→ **What to do**
Where an image appears in the data, omit it and reproduce the rest exactly.

→ **Dataset excerpts**
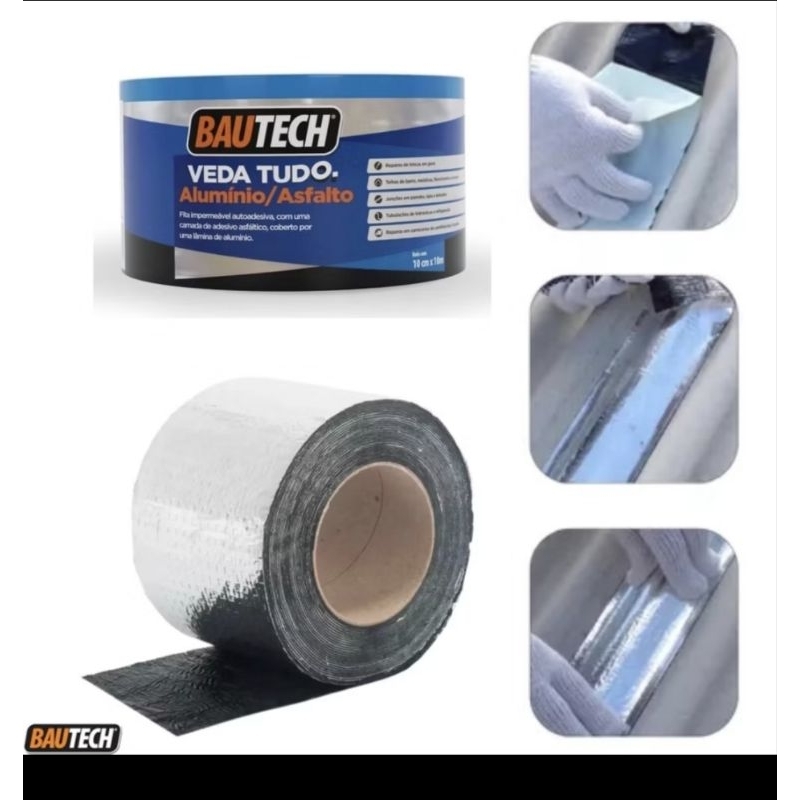 TAPA GOTEIRA FITA ASFÁLTICA Auto Adesiva Aluminizada Metalizada Impermeável reparo TELHAS LAJES BAÚ CAMINHÃO .
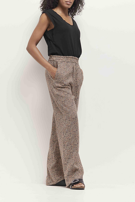 PRIMA - FLUID SAND TROUSERS WITH MINI GIRAFFE PRINT
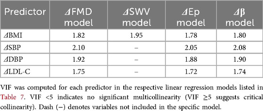 Multivariate models adjusted for multicollinearity (VIF <5 for all predictors) were used to assess the independent effects of weight change (ΔBMI) and clinical indicators on vascular and hepatic improvements (Table 6). ΔBMI independently predicted ΔFMD (β = 0.32, P = 0.003) and ΔSWV (β = −0.41, P < 0.001), indicating that weight loss directly enhances vascular repair and liver softening. ΔSBP independently influenced ΔEp (β = 0.18, P = 0.04) and Δβ (β = 0.15, P = 0.03), suggesting that blood pressure control partially mitigated arterial stiffening (Table 7).
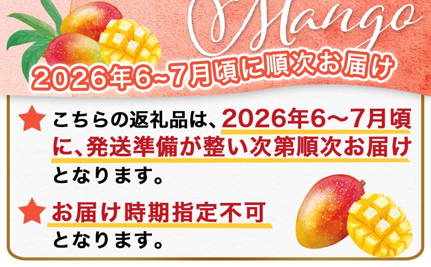 【ふるさと納税】【選べるサイズ】<宮崎県産 完熟マンゴー 4L×2玉(合計 約1kg)または3L×2玉(合計 約900g)または2L×2玉(合計 約700g)> ※2026年5月上旬~7月中旬までに順次出荷 果物 フルーツ マンゴー ギフト 贈答品 宮崎県 高鍋町【冷蔵】
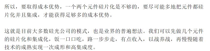 該文章提到了“大多數(shù)硅光公司的模式是先做幾個元件的硅片化和集成化,也是業(yè)界的普遍想法”,恰恰相反,這并不是業(yè)界的普遍想法,當(dāng)然集成度也是有發(fā)展曲線,硅光的技術(shù)路線上是規(guī)?;墓δ芄饧勺鳛槠瘘c、光芯片的大規(guī)模高密度集成、光電3D集成或單片集成,在產(chǎn)品上則是市場需求和技術(shù)發(fā)展之間的動態(tài)平衡。
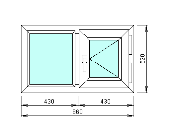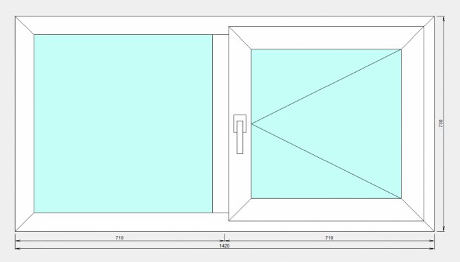 - Fenêtre à double battant: hauteur 150, largeur - 145 cm;
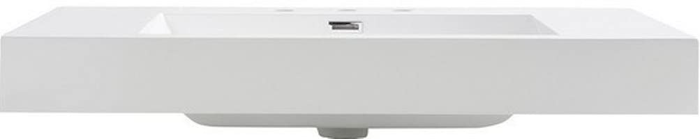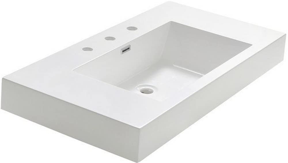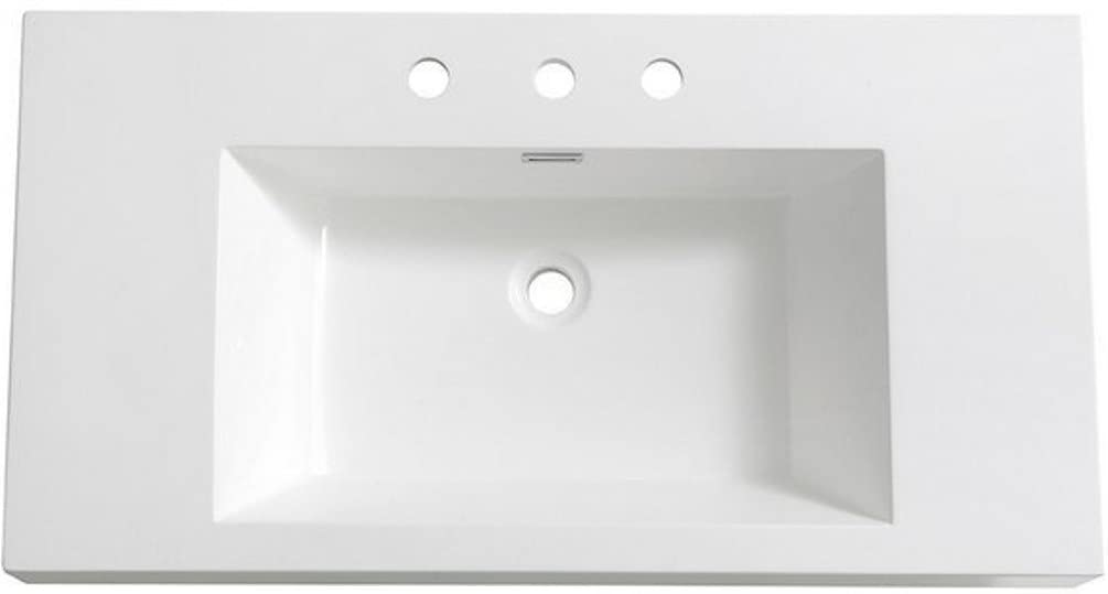 You know youve found the perfect sink when the bathroom becomes your favorite room in the house. This gorgeous contemporary sink has a sleek and chic rectangular shape. The contemporary linear design features sharp, clean lines and a thick, smooth profile. On the inside of the basin, the smooth flowing contours capture attention while making clean up a breeze. This White integrated sink and countertop will give your space a sleek, streamlined look. The Fresca Vista design features a widespread faucet mount (8") and sink overflow.
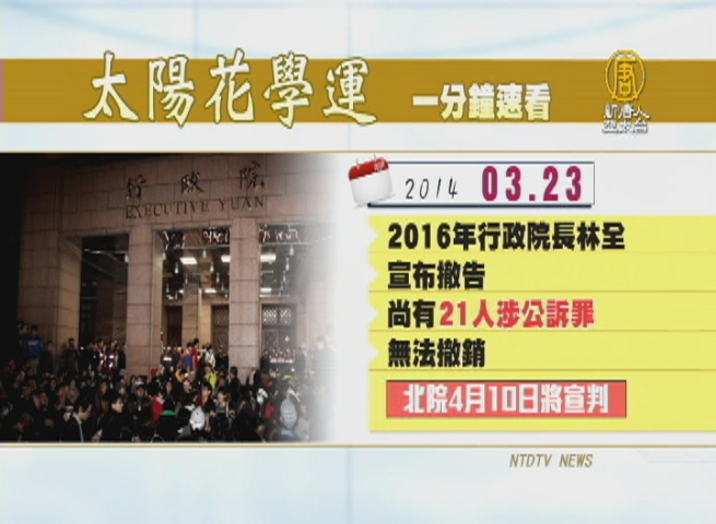 【新唐人亞太台 2017 年 03 月 31 日訊】太陽花攻佔立法院,22名被告一審全部獲判無罪,立法院長蘇嘉全今天回應,對於法院的判決相當尊重,因為司法是獨立的。而太陽花學運所有抗爭行動中,還有哪些案件,目前審理進度又是如何?一分鐘,帶您快速掌握。
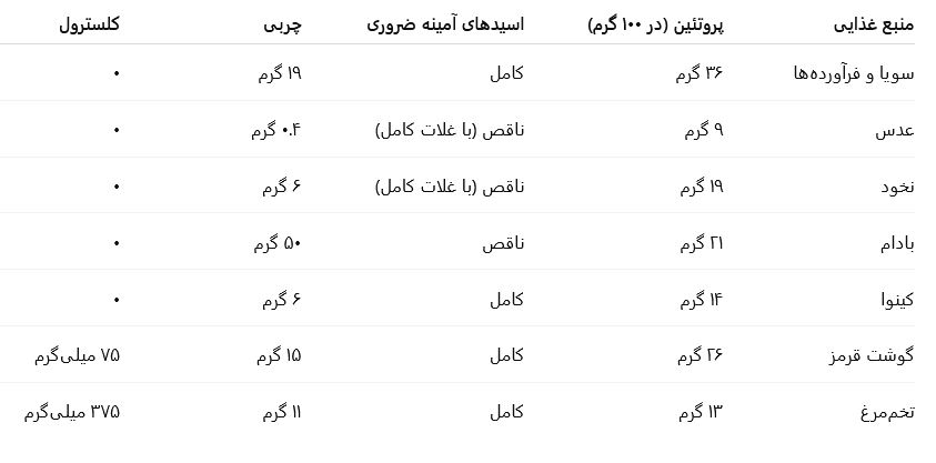 منابع پروتئینی گیاهی و جدول مقایسه با حیوانی
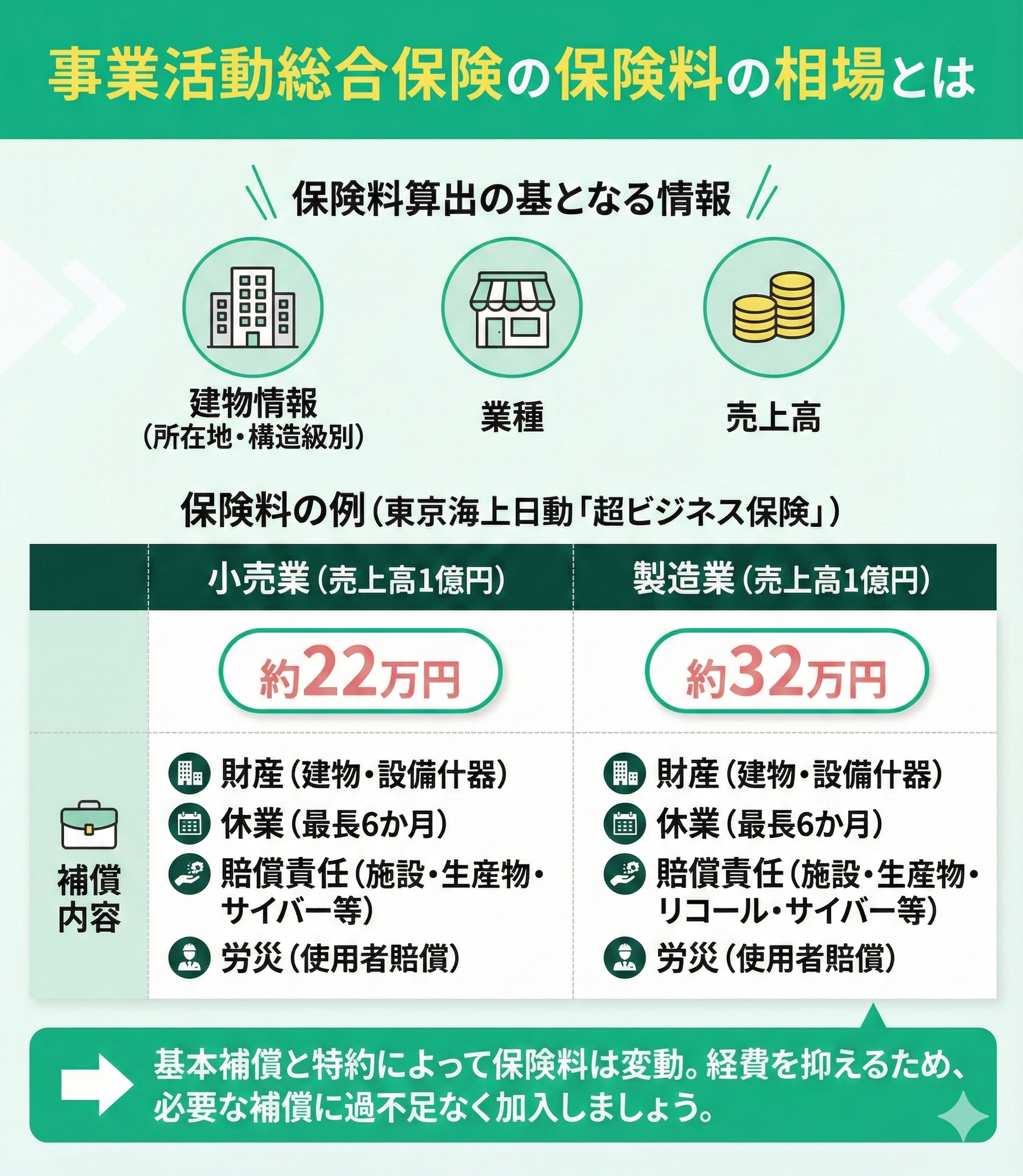 事業活動総合保険の保険料は以下の情報をもとに算出されます。
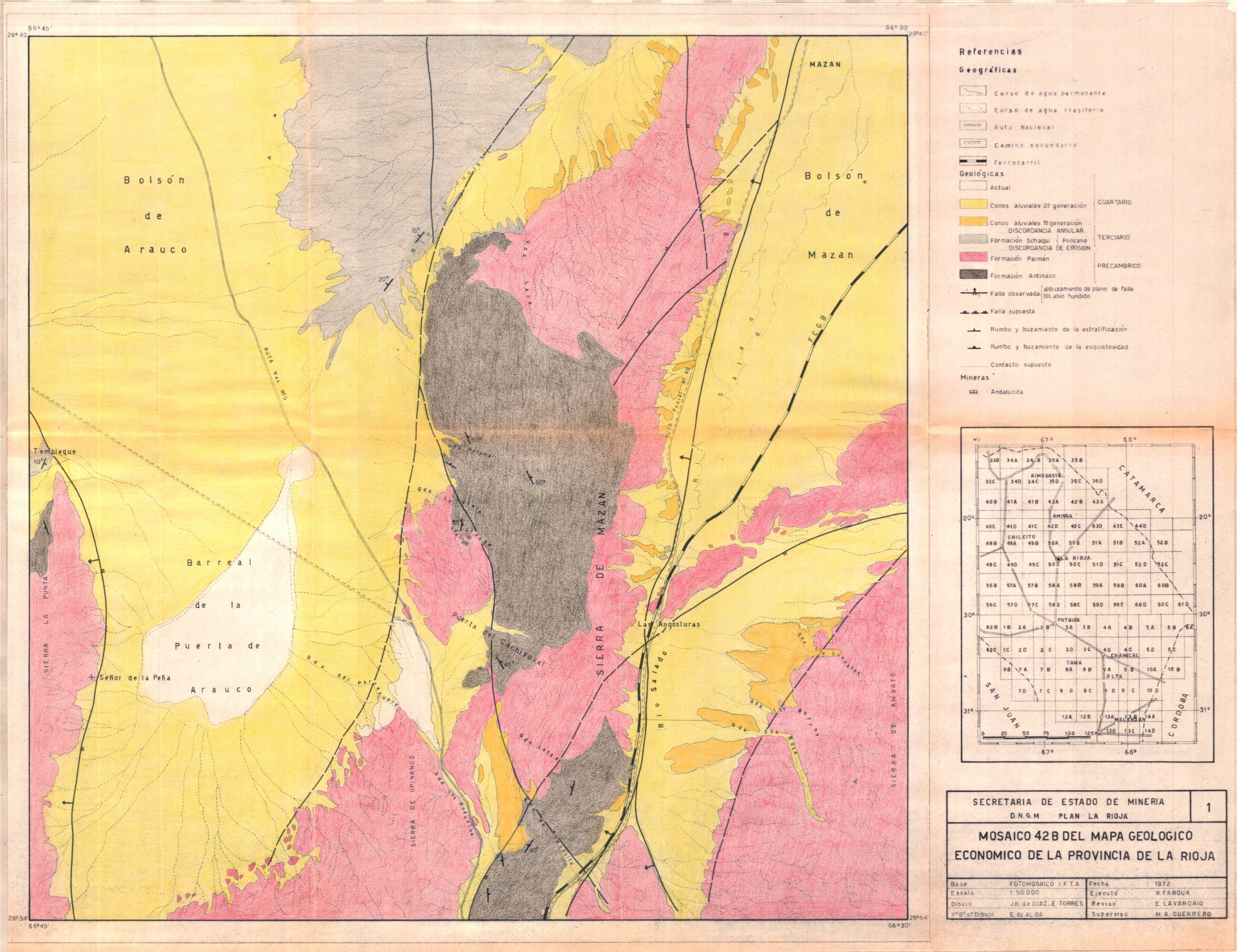Argentina. Dirección Nacional de Geología y Minería. Plan La Rioja, 1970. Descripción del Mosaico 42B del Mapa Geológico Económico de la Provincia de La Rioja. La Rioja, Dirección Nacional de Geología y Minería. Plan La Rioja (ex Delegación Plan Cordillera Norte)
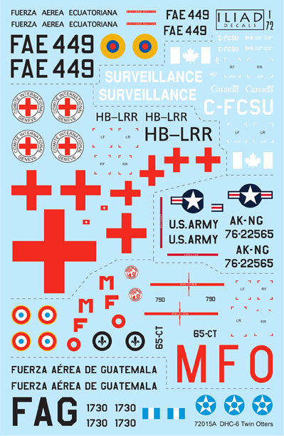 Iliad Design - 1/72 De-Havilland-Canada DHC-6 Twin Otters. Contains markings for the Ecuadorian Air force, Canada's Depart of Transport surveillance aircraft, US Army Alaska National Guard, Guatemalan Air Force, Committee of the Red Cross, and French Air Force.
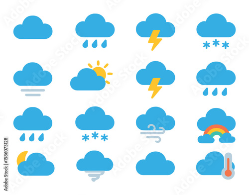 cloud, weather, symbol, rain, thundercloud, snow, fog, sun, lightning, modern, flat, style, storm, raindrop, snowflake, wind, rainbow, moon, tornado, mist, temperature, gauge
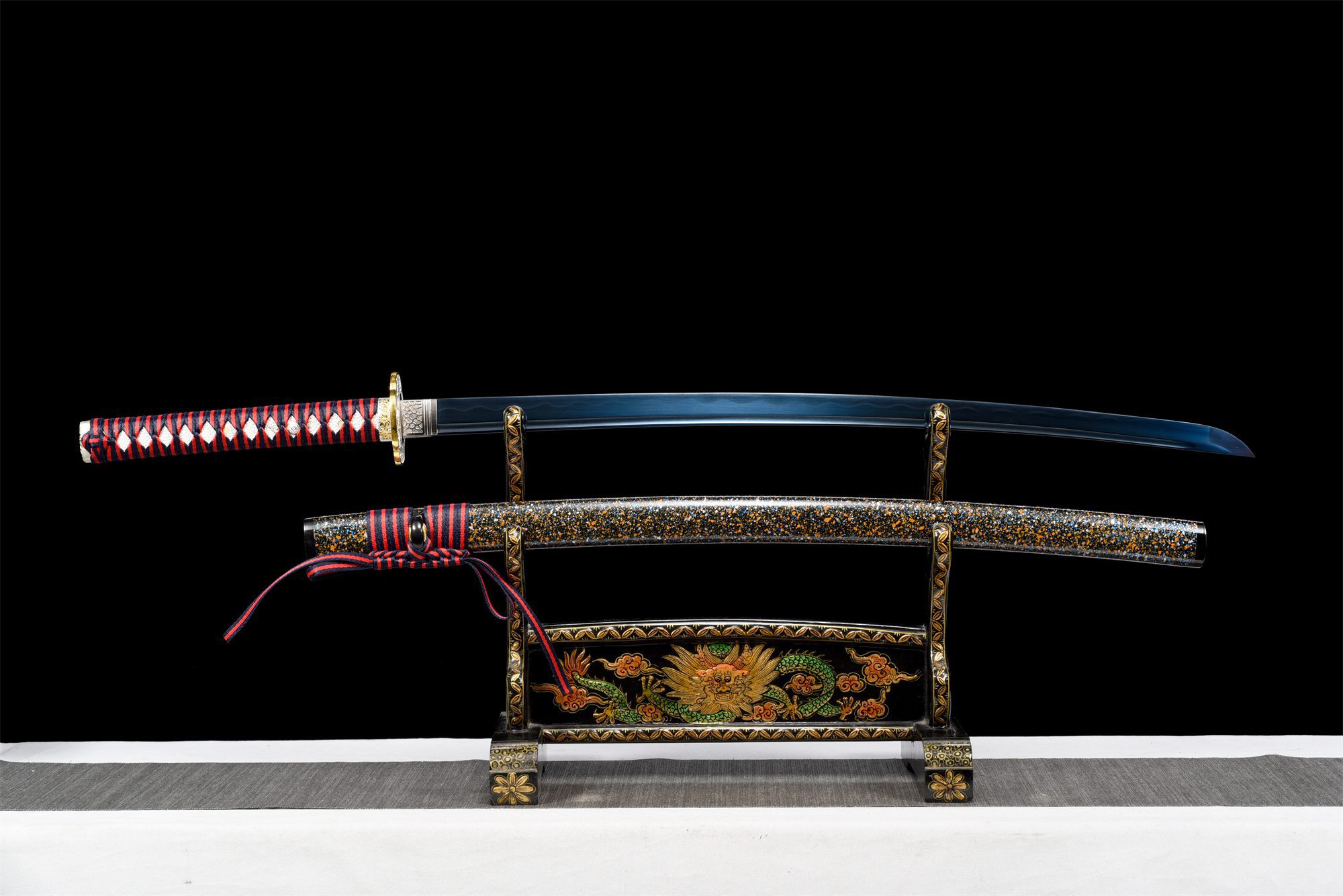 Die Klinge aus 1060er Stahl hat einen tiefblauen Farbton, der einen schönen Kontrast zu dem durch unterschiedliche Härtung entstandenen echten Notare Hamon bildet. Die Bo-Hi lockert die Struktur auf und erzeugt beim Schneiden den charakteristischen pfeifenden Klang. Die goldene Tsuba in Form eines abgerundeten Kreuzes ist mit einer Vielzahl von silbernen Chrysanthemen mit einer bemerkenswerten Präzision graviert und erzeugt ein Kontrastspiel zwischen den Edelmetallen. Der Griff kombiniert die Textur von weißem Kunst-Stachelrochenleder mit roten und blauen Tsuka-Ito-Flechtungen, die elegante geometrische Rauten bilden. Die silbernen Menuki fügen sich harmonisch in diese chromatische Komposition ein, während die Fuchi und Kashira aus Silber und Goldlegierung die Blumenmotive der Parierstange widerspiegeln. Die lackierte Holzscheide hat eine körnige Oberfläche in Orange-, Schwarz- und Blautönen, die an Sonnenuntergänge über japanischen Gärten erinnert.

→ **Task solution**
 TAPA GOTEIRA FITA ASFÁLTICA Auto Adesiva Aluminizada Metalizada Impermeável reparo TELHAS LAJES BAÚ CAMINHÃO .
 PRIMA - FLUID SAND TROUSERS WITH MINI GIRAFFE PRINT
 Multivariate models adjusted for multicollinearity (VIF <5 for all predictors) were used to assess the independent effects of weight change (ΔBMI) and clinical indicators on vascular and hepatic improvements (Table 6). ΔBMI independently predicted ΔFMD (β = 0.32, P = 0.003) and ΔSWV (β = −0.41, P < 0.001), indicating that weight loss directly enhances vascular repair and liver softening. ΔSBP independently influenced ΔEp (β = 0.18, P = 0.04) and Δβ (β = 0.15, P = 0.03), suggesting that blood pressure control partially mitigated arterial stiffening (Table 7).
 【ふるさと納税】【選べるサイズ】<宮崎県産 完熟マンゴー 4L×2玉(合計 約1kg)または3L×2玉(合計 約900g)または2L×2玉(合計 約700g)> ※2026年5月上旬~7月中旬までに順次出荷 果物 フルーツ マンゴー ギフト 贈答品 宮崎県 高鍋町【冷蔵】
 該文章提到了“大多數(shù)硅光公司的模式是先做幾個元件的硅片化和集成化,也是業(yè)界的普遍想法”,恰恰相反,這并不是業(yè)界的普遍想法,當(dāng)然集成度也是有發(fā)展曲線,硅光的技術(shù)路線上是規(guī)?;墓δ芄饧勺鳛槠瘘c、光芯片的大規(guī)模高密度集成、光電3D集成或單片集成,在產(chǎn)品上則是市場需求和技術(shù)發(fā)展之間的動態(tài)平衡。
 - Fenêtre à double battant: hauteur 150, largeur - 145 cm;
 You know youve found the perfect sink when the bathroom becomes your favorite room in the house. This gorgeous contemporary sink has a sleek and chic rectangular shape. The contemporary linear design features sharp, clean lines and a thick, smooth profile. On the inside of the basin, the smooth flowing contours capture attention while making clean up a breeze. This White integrated sink and countertop will give your space a sleek, streamlined look. The Fresca Vista design features a widespread faucet mount (8") and sink overflow.
 【新唐人亞太台 2017 年 03 月 31 日訊】太陽花攻佔立法院,22名被告一審全部獲判無罪,立法院長蘇嘉全今天回應,對於法院的判決相當尊重,因為司法是獨立的。而太陽花學運所有抗爭行動中,還有哪些案件,目前審理進度又是如何?一分鐘,帶您快速掌握。
 منابع پروتئینی گیاهی و جدول مقایسه با حیوانی
 事業活動総合保険の保険料は以下の情報をもとに算出されます。
Argentina. Dirección Nacional de Geología y Minería. Plan La Rioja, 1970. Descripción del Mosaico 42B del Mapa Geológico Económico de la Provincia de La Rioja. La Rioja, Dirección Nacional de Geología y Minería. Plan La Rioja (ex Delegación Plan Cordillera Norte)
 Iliad Design - 1/72 De-Havilland-Canada DHC-6 Twin Otters. Contains markings for the Ecuadorian Air force, Canada's Depart of Transport surveillance aircraft, US Army Alaska National Guard, Guatemalan Air Force, Committee of the Red Cross, and French Air Force.
 cloud, weather, symbol, rain, thundercloud, snow, fog, sun, lightning, modern, flat, style, storm, raindrop, snowflake, wind, rainbow, moon, tornado, mist, temperature, gauge
 Die Klinge aus 1060er Stahl hat einen tiefblauen Farbton, der einen schönen Kontrast zu dem durch unterschiedliche Härtung entstandenen echten Notare Hamon bildet. Die Bo-Hi lockert die Struktur auf und erzeugt beim Schneiden den charakteristischen pfeifenden Klang. Die goldene Tsuba in Form eines abgerundeten Kreuzes ist mit einer Vielzahl von silbernen Chrysanthemen mit einer bemerkenswerten Präzision graviert und erzeugt ein Kontrastspiel zwischen den Edelmetallen. Der Griff kombiniert die Textur von weißem Kunst-Stachelrochenleder mit roten und blauen Tsuka-Ito-Flechtungen, die elegante geometrische Rauten bilden. Die silbernen Menuki fügen sich harmonisch in diese chromatische Komposition ein, während die Fuchi und Kashira aus Silber und Goldlegierung die Blumenmotive der Parierstange widerspiegeln. Die lackierte Holzscheide hat eine körnige Oberfläche in Orange-, Schwarz- und Blautönen, die an Sonnenuntergänge über japanischen Gärten erinnert.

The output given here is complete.